Third, the bill requires providers to allow users to remove their data whenever they wish. This requirement would interfere with companies’ ability to compile and analyze data, which they usually do in ways that boost the quality of services. It would also restrict the ability of businesses to create any service that requires data to be permanent, such as security logs or audit records of online ads. For example, Etherium—a digital currency business—allows users to store data on its blockchain, a shared public ledger. The BROWSER Act would prevent Etherium from using this technology, because data in the blockchain cannot be changed or deleted. The bill also would increase costs, as companies, including small Internet companies, would have to hire staff to handle data-removal requests.

Finally, the bill prohibits service providers from refusing to provide service as a “direct or indirect consequence of the refusal of a user to waive any such privacy rights.” While this language is somewhat ambiguous, it would likely prevent companies from requiring consumers to share certain information as a condition of using online services.

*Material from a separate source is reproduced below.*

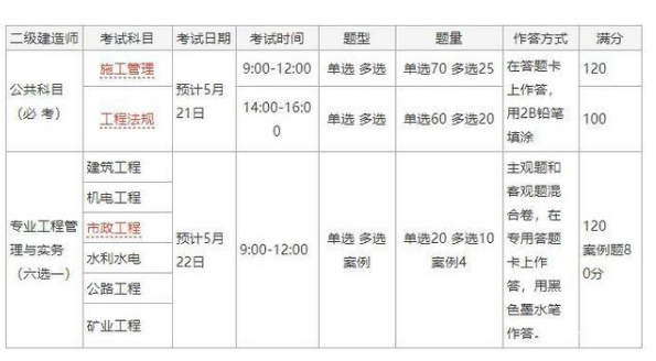 二级建造师考试只考三个科目6个专业方向。具体公共科目两个:《建设工程施工管理》、《建设工程法规及相关知识》;一个专业科目《专业工程管理与实务》。公路工程、水利水电工程、市政公用工程、建筑工程、矿业工程、机电工程6个专业类别,考生报名时可根据实际工作需要选择其中一个专业类别。

This would create a free-rider problem for the many sites that depend on revenue from targeted online advertising, because users could refuse to provide the data needed for these ads while still getting access to a site’s content and services. This would be like Congress passing a law prohibiting restaurants from refusing service to customers who choose not to pay. Most customers would realize they would not have to pay, and few restaurants would stay in business.

Congress should reject this legislation, or any similar proposal that attempts to impose opt-in requirements on the digital economy. The only redeeming feature of the BROWSER Act is its pre-emption of state Internet privacy rules—because the only thing worse than a bad law is a patchwork of them. But there is no justification for deviating from the current, successful model of FTC oversight, in which companies are held legally accountable for adhering to their stated privacy policies. Instead of ratcheting up privacy rules, a better approach would be for Congress to clarify uniform FTC oversight over the entire Internet ecosystem, including Internet service providers. Such legislation could help businesses by reducing conflicting and duplicative requirements while providing users with simple and convenient privacy notices.